> **PROBLEM REQUIREMENTS**
Please copy the entries below word for word.

Records excerpted from a collection
--
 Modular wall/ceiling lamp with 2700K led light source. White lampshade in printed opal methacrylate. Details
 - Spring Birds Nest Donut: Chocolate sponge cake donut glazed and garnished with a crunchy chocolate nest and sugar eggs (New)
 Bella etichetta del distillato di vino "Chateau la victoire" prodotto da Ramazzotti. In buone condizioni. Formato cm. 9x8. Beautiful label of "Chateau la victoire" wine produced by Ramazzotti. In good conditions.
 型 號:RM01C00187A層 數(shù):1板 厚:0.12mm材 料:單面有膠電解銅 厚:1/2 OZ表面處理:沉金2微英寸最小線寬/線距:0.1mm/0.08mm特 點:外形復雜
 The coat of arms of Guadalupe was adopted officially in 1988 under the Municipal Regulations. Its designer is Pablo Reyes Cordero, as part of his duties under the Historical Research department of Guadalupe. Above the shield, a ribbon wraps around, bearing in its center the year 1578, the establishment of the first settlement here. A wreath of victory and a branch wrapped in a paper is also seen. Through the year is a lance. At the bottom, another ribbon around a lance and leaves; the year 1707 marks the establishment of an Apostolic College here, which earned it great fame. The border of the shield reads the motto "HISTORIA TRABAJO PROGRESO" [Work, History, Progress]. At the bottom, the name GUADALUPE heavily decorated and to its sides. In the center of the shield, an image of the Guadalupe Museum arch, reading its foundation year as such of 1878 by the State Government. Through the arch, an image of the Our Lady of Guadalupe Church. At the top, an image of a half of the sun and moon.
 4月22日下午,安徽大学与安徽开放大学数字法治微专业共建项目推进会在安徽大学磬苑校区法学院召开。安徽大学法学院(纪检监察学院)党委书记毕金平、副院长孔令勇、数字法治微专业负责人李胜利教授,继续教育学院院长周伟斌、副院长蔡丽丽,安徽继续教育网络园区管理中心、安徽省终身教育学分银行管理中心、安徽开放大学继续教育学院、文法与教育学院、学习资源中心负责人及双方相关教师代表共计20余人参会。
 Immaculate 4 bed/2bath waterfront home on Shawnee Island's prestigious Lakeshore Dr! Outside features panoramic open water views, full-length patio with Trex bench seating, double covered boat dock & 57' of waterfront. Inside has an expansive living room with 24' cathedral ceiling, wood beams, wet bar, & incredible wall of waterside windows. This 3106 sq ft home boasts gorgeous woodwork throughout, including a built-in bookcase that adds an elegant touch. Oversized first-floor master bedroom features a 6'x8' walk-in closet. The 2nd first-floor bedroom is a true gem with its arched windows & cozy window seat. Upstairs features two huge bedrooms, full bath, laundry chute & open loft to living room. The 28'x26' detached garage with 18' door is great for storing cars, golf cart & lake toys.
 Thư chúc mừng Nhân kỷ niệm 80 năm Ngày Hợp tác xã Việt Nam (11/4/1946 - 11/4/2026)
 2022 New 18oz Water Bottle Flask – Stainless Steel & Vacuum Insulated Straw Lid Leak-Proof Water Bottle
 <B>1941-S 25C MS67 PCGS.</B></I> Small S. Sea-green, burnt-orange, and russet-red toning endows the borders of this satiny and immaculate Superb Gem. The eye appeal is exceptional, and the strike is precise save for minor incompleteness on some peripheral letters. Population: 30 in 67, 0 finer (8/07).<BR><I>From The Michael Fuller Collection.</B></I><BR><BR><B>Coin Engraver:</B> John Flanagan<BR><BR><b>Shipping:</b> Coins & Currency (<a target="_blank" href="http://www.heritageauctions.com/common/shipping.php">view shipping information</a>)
--
> **FINISHED EXERCISE**
 Modular wall/ceiling lamp with 2700K led light source. White lampshade in printed opal methacrylate. Details
 - Spring Birds Nest Donut: Chocolate sponge cake donut glazed and garnished with a crunchy chocolate nest and sugar eggs (New)
 Bella etichetta del distillato di vino "Chateau la victoire" prodotto da Ramazzotti. In buone condizioni. Formato cm. 9x8. Beautiful label of "Chateau la victoire" wine produced by Ramazzotti. In good conditions.
 型 號:RM01C00187A層 數(shù):1板 厚:0.12mm材 料:單面有膠電解銅 厚:1/2 OZ表面處理:沉金2微英寸最小線寬/線距:0.1mm/0.08mm特 點:外形復雜
 The coat of arms of Guadalupe was adopted officially in 1988 under the Municipal Regulations. Its designer is Pablo Reyes Cordero, as part of his duties under the Historical Research department of Guadalupe. Above the shield, a ribbon wraps around, bearing in its center the year 1578, the establishment of the first settlement here. A wreath of victory and a branch wrapped in a paper is also seen. Through the year is a lance. At the bottom, another ribbon around a lance and leaves; the year 1707 marks the establishment of an Apostolic College here, which earned it great fame. The border of the shield reads the motto "HISTORIA TRABAJO PROGRESO" [Work, History, Progress]. At the bottom, the name GUADALUPE heavily decorated and to its sides. In the center of the shield, an image of the Guadalupe Museum arch, reading its foundation year as such of 1878 by the State Government. Through the arch, an image of the Our Lady of Guadalupe Church. At the top, an image of a half of the sun and moon.
 4月22日下午,安徽大学与安徽开放大学数字法治微专业共建项目推进会在安徽大学磬苑校区法学院召开。安徽大学法学院(纪检监察学院)党委书记毕金平、副院长孔令勇、数字法治微专业负责人李胜利教授,继续教育学院院长周伟斌、副院长蔡丽丽,安徽继续教育网络园区管理中心、安徽省终身教育学分银行管理中心、安徽开放大学继续教育学院、文法与教育学院、学习资源中心负责人及双方相关教师代表共计20余人参会。
 Immaculate 4 bed/2bath waterfront home on Shawnee Island's prestigious Lakeshore Dr! Outside features panoramic open water views, full-length patio with Trex bench seating, double covered boat dock & 57' of waterfront. Inside has an expansive living room with 24' cathedral ceiling, wood beams, wet bar, & incredible wall of waterside windows. This 3106 sq ft home boasts gorgeous woodwork throughout, including a built-in bookcase that adds an elegant touch. Oversized first-floor master bedroom features a 6'x8' walk-in closet. The 2nd first-floor bedroom is a true gem with its arched windows & cozy window seat. Upstairs features two huge bedrooms, full bath, laundry chute & open loft to living room. The 28'x26' detached garage with 18' door is great for storing cars, golf cart & lake toys.
 Thư chúc mừng Nhân kỷ niệm 80 năm Ngày Hợp tác xã Việt Nam (11/4/1946 - 11/4/2026)
 2022 New 18oz Water Bottle Flask – Stainless Steel & Vacuum Insulated Straw Lid Leak-Proof Water Bottle
 <B>1941-S 25C MS67 PCGS.</B></I> Small S. Sea-green, burnt-orange, and russet-red toning endows the borders of this satiny and immaculate Superb Gem. The eye appeal is exceptional, and the strike is precise save for minor incompleteness on some peripheral letters. Population: 30 in 67, 0 finer (8/07).<BR><I>From The Michael Fuller Collection.</B></I><BR><BR><B>Coin Engraver:</B> John Flanagan<BR><BR><b>Shipping:</b> Coins & Currency (<a target="_blank" href="http://www.heritageauctions.com/common/shipping.php">view shipping information</a>)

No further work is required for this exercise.